By - 23 November 2015

Greek gambling operator OPAP is considering taking legal action against the Greek government if it introduces a new gambling tax that OPAP believes will render any future VLT sector unworkable.

OPAP has slammed the potential gambling tax, agreed in principal by the country’s government and its international creditors, as counterproductive saying it would actually damage the government’s revenue from gaming tax.

Most importantly OPAP has said the new tax would make the future VLT sector unprofitable. OPAP has already paid €560m to build its first 50 VLT halls. The loss of the future VLT sector would wipe off €300m from the government’s tax in 2016.

OPAP had initially planned to roll out its VLTs in June this year but put the brakes on once government introduced some 11th hour changes that would affect the sustainability of the business model. These included lower jackpots, daily loss limits and limits on length of play.

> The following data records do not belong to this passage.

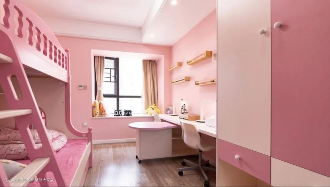 必要的话,可以设置隔帘或隔板遮挡,将房间空间一分为二,让双方拥有一定的私密空间,这样设计短期提高空间利用率,长期来说更适合两个孩子的成长。
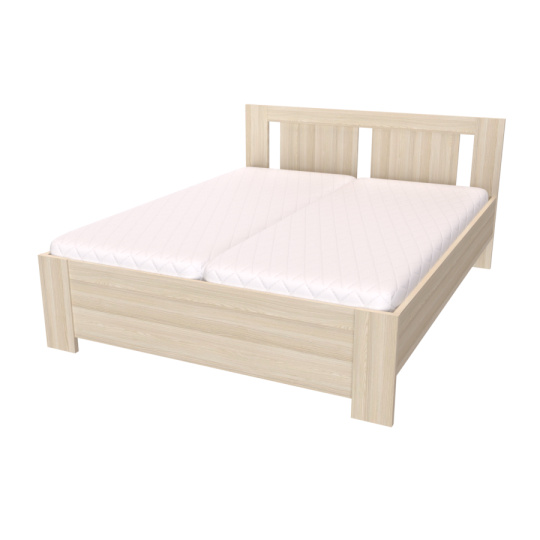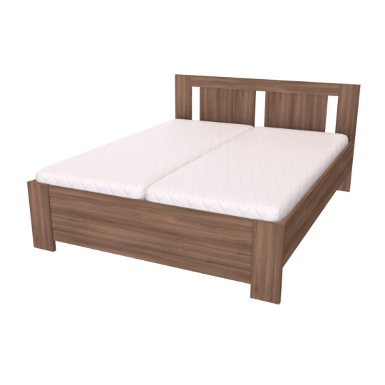 Oblíbené dvoulůžko, které poskytuje zdravý spánek našich zákazníků. Rustikální dvoulůžko s otvory v čele, které dávají možnost odvětrávání přilehlé zdi. Možnost doplnění o výsuvný úložný prostor (zásuvka 3/4). Čelo a nohy dvoulůžka jsou vyrobeny v síle lamina 25mm, bočnice 18 či 25mm. Výběr z několika akčních dekorů. Kvalitní kování a spojovací materiál je bez použití plastových součástek, vyjma ochranných krytek. Zvýšená lehací plocha 50 až 65 cm (včetně matrace o výšce 16 cm). Možnost volby roštu a matrace. Výškově nastavitelné kování do 8 poloh, lze tak rošt umístit do výšky od 32 do 43 cm dle typu matrace. Efektní a praktické ABS hrany. Značkové kování Hettich. Od šířky 120 cm kovová středová stabilizační noha.
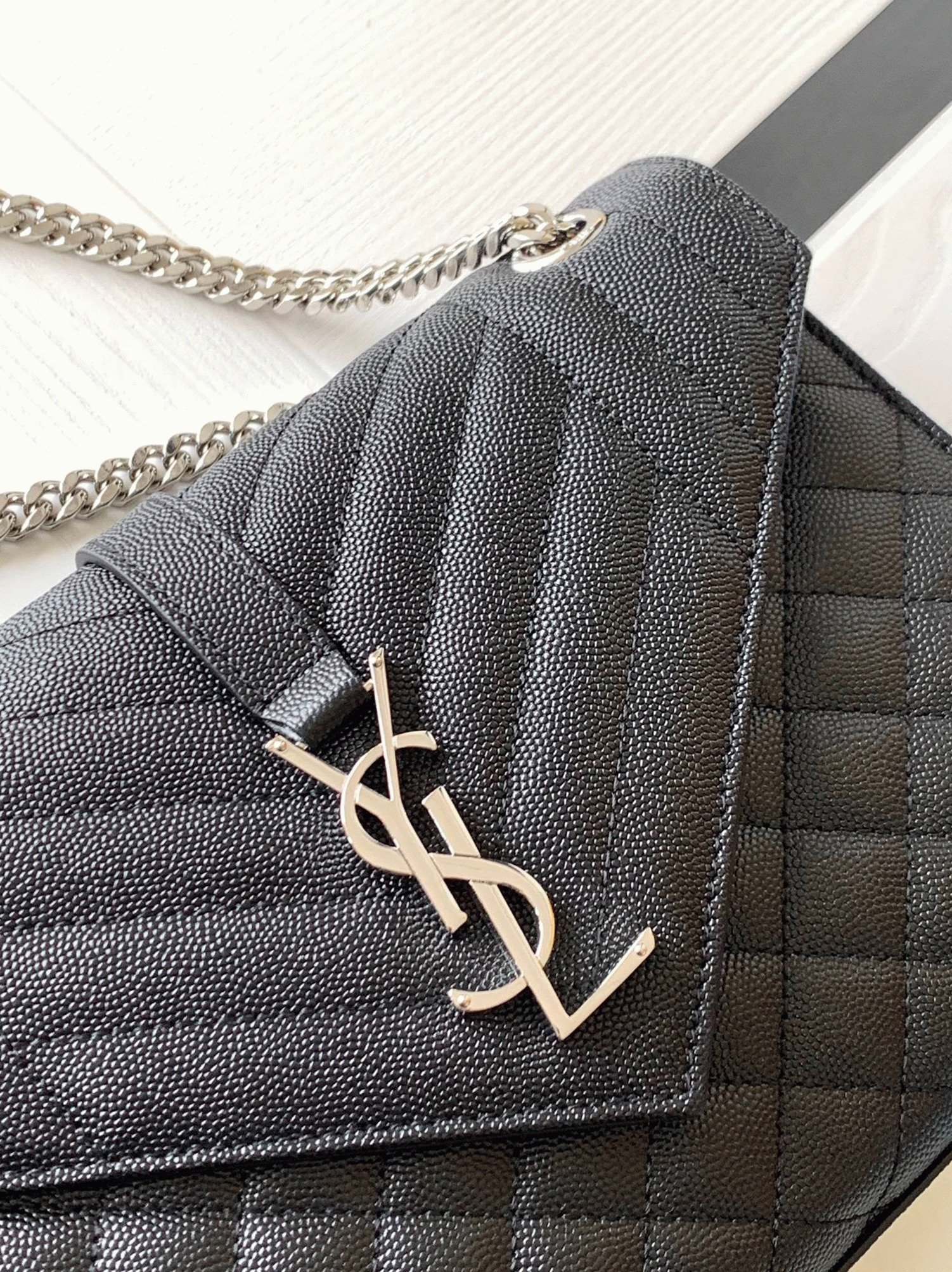 Front flap adorned with metal YSL initials
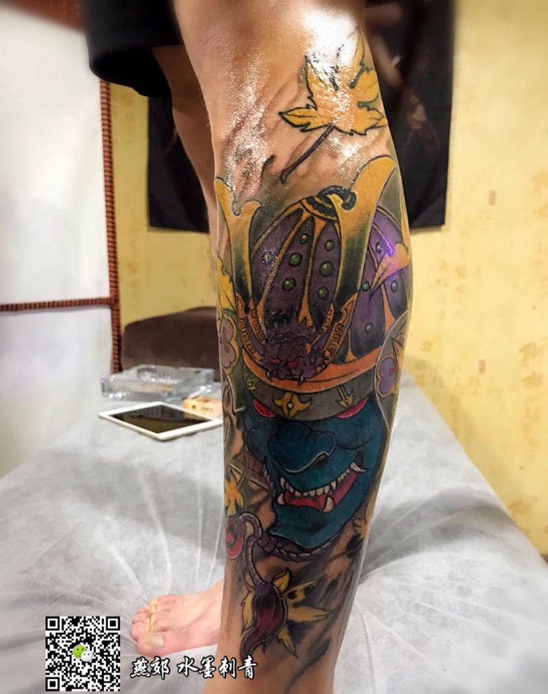 般若武士~纹身图片_成品脚部腿部传统鬼神武士般若纹身图案

The new tax, announced by Greek Finance Minister Euclid Tsakalotos would see a tax of €0.05 imposed on OPAP’s lotteries and sports betting in an attempt to raise €300 to €400m a year for the government.
Czech businessman Jiri Smejc, who owns Emma Capital a major investor in OPAP, said to Reuters: “We believe it is just a matter of time. They badly need the revenue. We have discussed with the government that in these upcoming weeks, if it will not be solved, we will need to file some lawsuit,” he said. “We have clear promises they will change [the regulation] but still nothing has happened. That is why we froze the project, because for us it does not make sense economically now to do it.”

Last year OPAP paid over 500m in taxes to the government. This was generated by paying 30 per cent of its revenues along with a corporation tax.

Odysseas Christoforou, General Manager of Corporate Communication for OPAP, said adding even more tax now was discriminatory against OPAP.

“We have informed the government that such a move would be counter-efficient. It would not lead to the expected fiscal revenue and would severely hit our agent network as it would lead to a reduction of gaming in the country. Such a decline in activity will negatively affect state revenues,” Mr. Christoforou explained. “Beyond the financial consequences of imposing such a measure, legal issues were also raised, among them a discriminatory treatment against our company and our network of agents.”